▸ INSTRUCTIONS TO FOLLOW
The lines below, from the one holding "Ford unveils the" through the one holding "Давайте немного изучим", are to be restated word for word, with all images left out.
══ RECORDED DATA
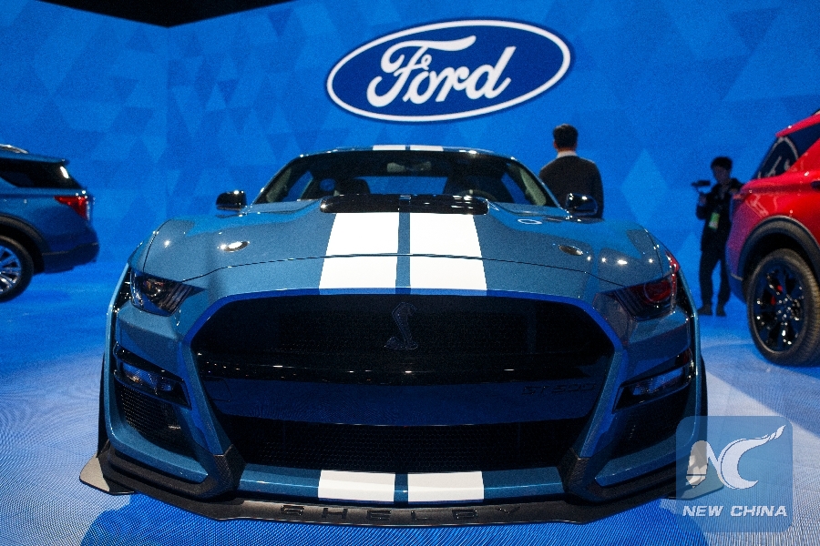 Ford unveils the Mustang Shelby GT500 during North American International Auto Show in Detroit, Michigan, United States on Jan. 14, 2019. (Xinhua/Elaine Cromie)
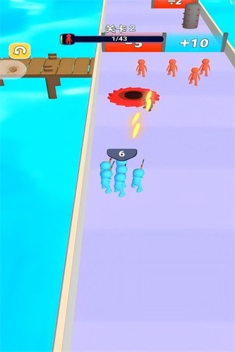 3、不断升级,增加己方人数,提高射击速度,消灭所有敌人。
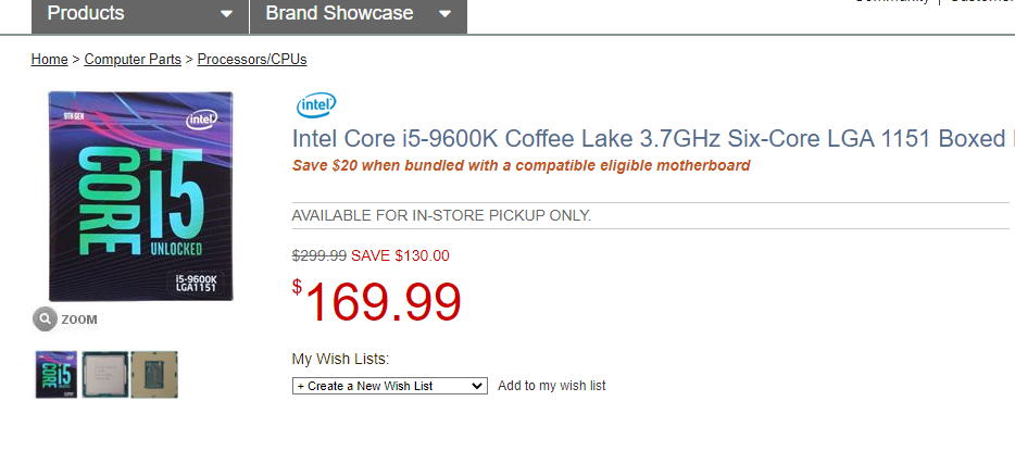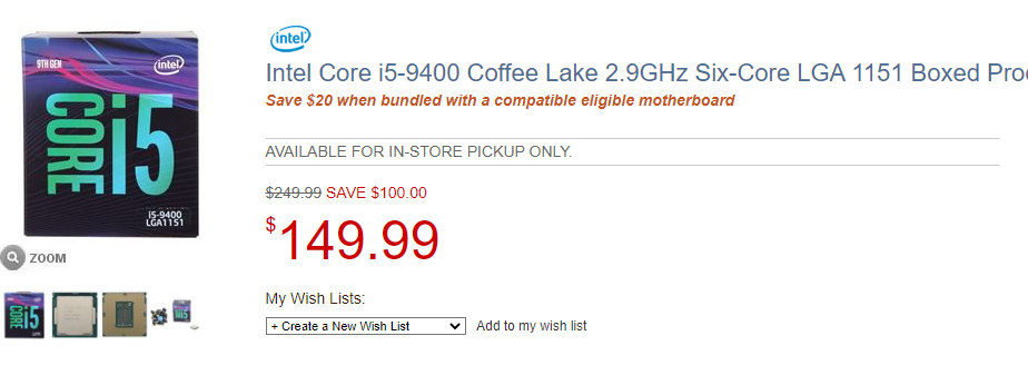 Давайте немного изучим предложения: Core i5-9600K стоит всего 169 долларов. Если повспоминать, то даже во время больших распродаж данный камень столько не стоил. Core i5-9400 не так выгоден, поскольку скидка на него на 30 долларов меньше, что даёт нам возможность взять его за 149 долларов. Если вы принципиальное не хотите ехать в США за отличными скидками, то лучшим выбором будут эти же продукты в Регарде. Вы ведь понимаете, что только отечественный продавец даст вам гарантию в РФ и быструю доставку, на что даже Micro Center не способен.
════
══ RECORDED DATA
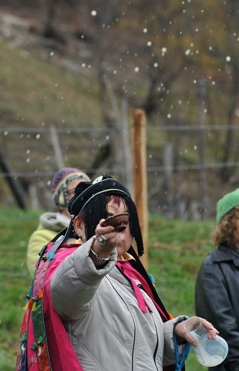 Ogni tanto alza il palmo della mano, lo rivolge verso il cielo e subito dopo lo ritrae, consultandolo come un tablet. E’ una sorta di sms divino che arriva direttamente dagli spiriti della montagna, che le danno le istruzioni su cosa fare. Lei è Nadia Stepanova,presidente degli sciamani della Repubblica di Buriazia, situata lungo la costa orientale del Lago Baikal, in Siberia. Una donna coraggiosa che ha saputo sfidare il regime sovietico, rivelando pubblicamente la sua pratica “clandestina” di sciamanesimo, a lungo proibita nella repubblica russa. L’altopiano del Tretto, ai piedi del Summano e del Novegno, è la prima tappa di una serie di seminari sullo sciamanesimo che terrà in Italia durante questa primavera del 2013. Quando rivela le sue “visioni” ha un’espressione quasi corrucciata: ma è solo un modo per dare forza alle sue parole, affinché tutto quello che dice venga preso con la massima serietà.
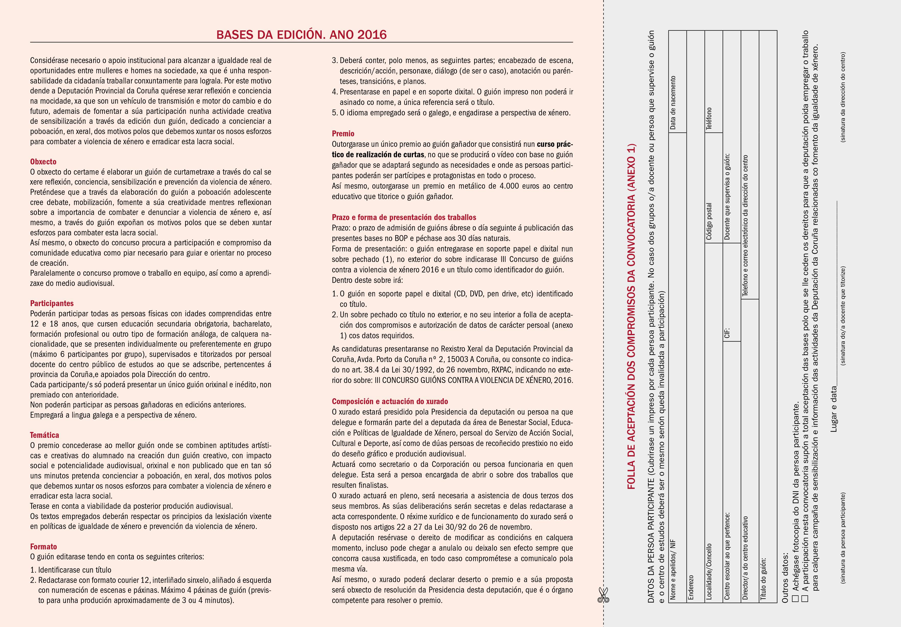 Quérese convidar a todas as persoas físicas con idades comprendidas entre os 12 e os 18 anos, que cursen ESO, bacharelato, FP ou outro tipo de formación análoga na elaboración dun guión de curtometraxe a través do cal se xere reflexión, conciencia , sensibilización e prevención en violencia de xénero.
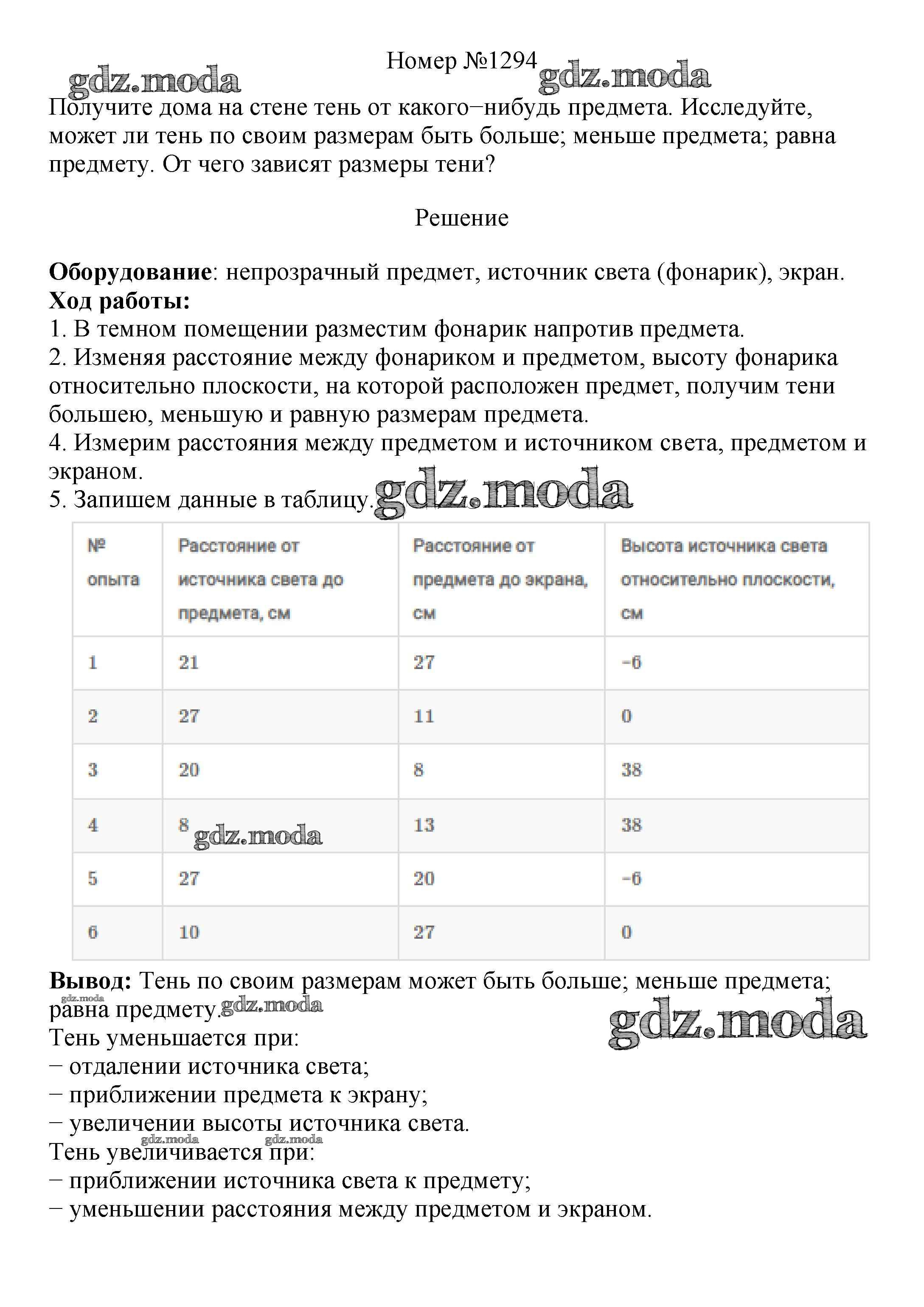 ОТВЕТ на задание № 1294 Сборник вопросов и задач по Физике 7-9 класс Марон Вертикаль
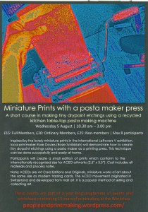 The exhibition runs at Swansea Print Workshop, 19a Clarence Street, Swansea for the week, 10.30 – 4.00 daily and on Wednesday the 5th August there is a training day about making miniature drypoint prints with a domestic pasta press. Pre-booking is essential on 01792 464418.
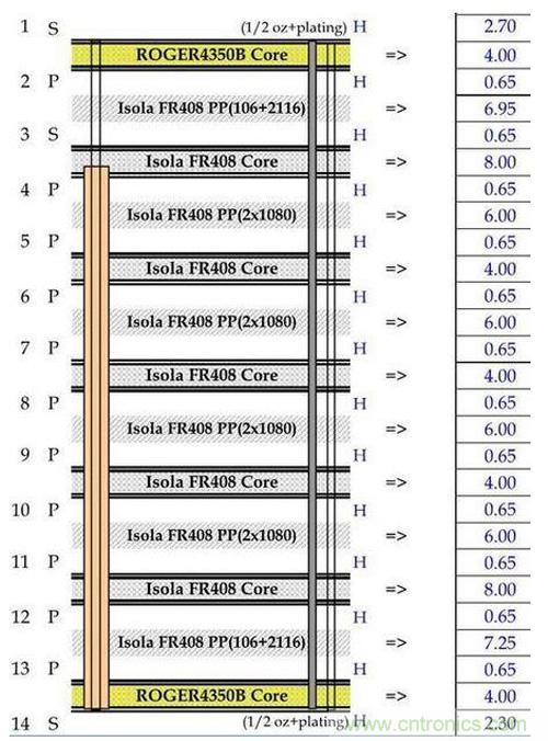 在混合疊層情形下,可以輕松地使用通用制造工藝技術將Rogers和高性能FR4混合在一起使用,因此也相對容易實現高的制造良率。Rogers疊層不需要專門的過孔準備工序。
════
▸ RESULT OF THE EXERCISE
 Ford unveils the Mustang Shelby GT500 during North American International Auto Show in Detroit, Michigan, United States on Jan. 14, 2019. (Xinhua/Elaine Cromie)
 3、不断升级,增加己方人数,提高射击速度,消灭所有敌人。
 Давайте немного изучим предложения: Core i5-9600K стоит всего 169 долларов. Если повспоминать, то даже во время больших распродаж данный камень столько не стоил. Core i5-9400 не так выгоден, поскольку скидка на него на 30 долларов меньше, что даёт нам возможность взять его за 149 долларов. Если вы принципиальное не хотите ехать в США за отличными скидками, то лучшим выбором будут эти же продукты в Регарде. Вы ведь понимаете, что только отечественный продавец даст вам гарантию в РФ и быструю доставку, на что даже Micro Center не способен.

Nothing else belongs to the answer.